■ **Assignment**:
Return all the data exactly, keeping the pictures out.

■ **The data**:
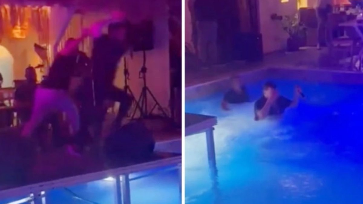 Şarkı söylerken bir anda hayranının hamlesiyle kendisini havuzda bulan türkücü neye uğradığını şaşırdı.
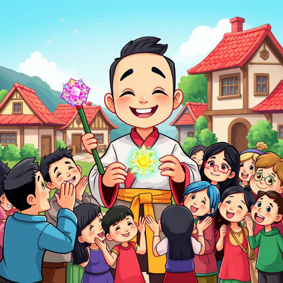 민수는 마을에서 가장 어려운 일을 해결할 수 있는 방법을 찾고 있었다. 결국, 그는 마법의 도구를 사용해 큰 문제를 해결하기로 했다. 사람들은 그의 능력을 보고 모두 기뻐했다.
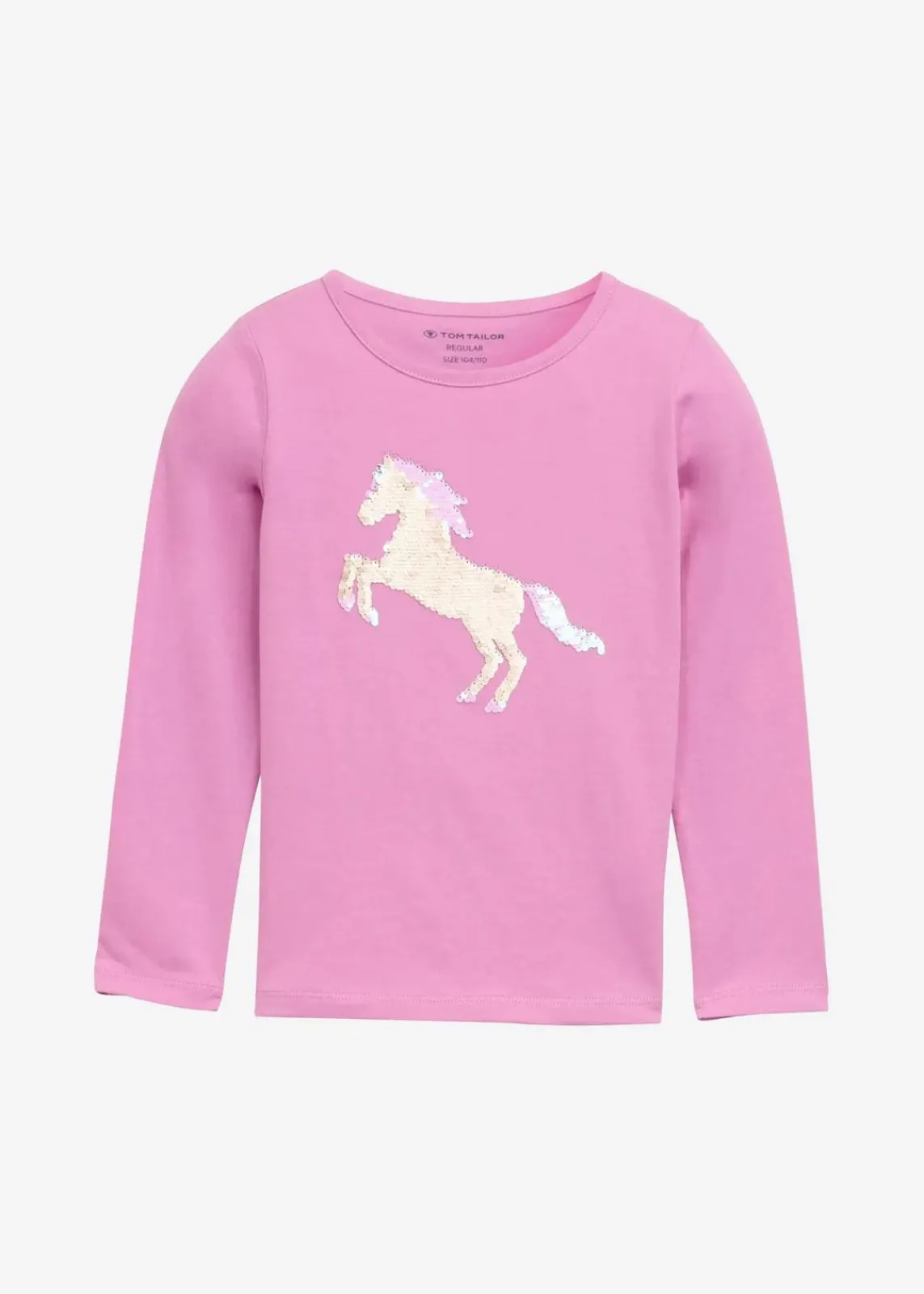Tom Tailor Longsleeve mit Wendepailletten auf der Vorderseite. Aus einem Single-Jersey-Stoff aus Baumwolle.

■ **Answer space**:
 Şarkı söylerken bir anda hayranının hamlesiyle kendisini havuzda bulan türkücü neye uğradığını şaşırdı.
 민수는 마을에서 가장 어려운 일을 해결할 수 있는 방법을 찾고 있었다. 결국, 그는 마법의 도구를 사용해 큰 문제를 해결하기로 했다. 사람들은 그의 능력을 보고 모두 기뻐했다.
Tom Tailor Longsleeve mit Wendepailletten auf der Vorderseite. Aus einem Single-Jersey-Stoff aus Baumwolle.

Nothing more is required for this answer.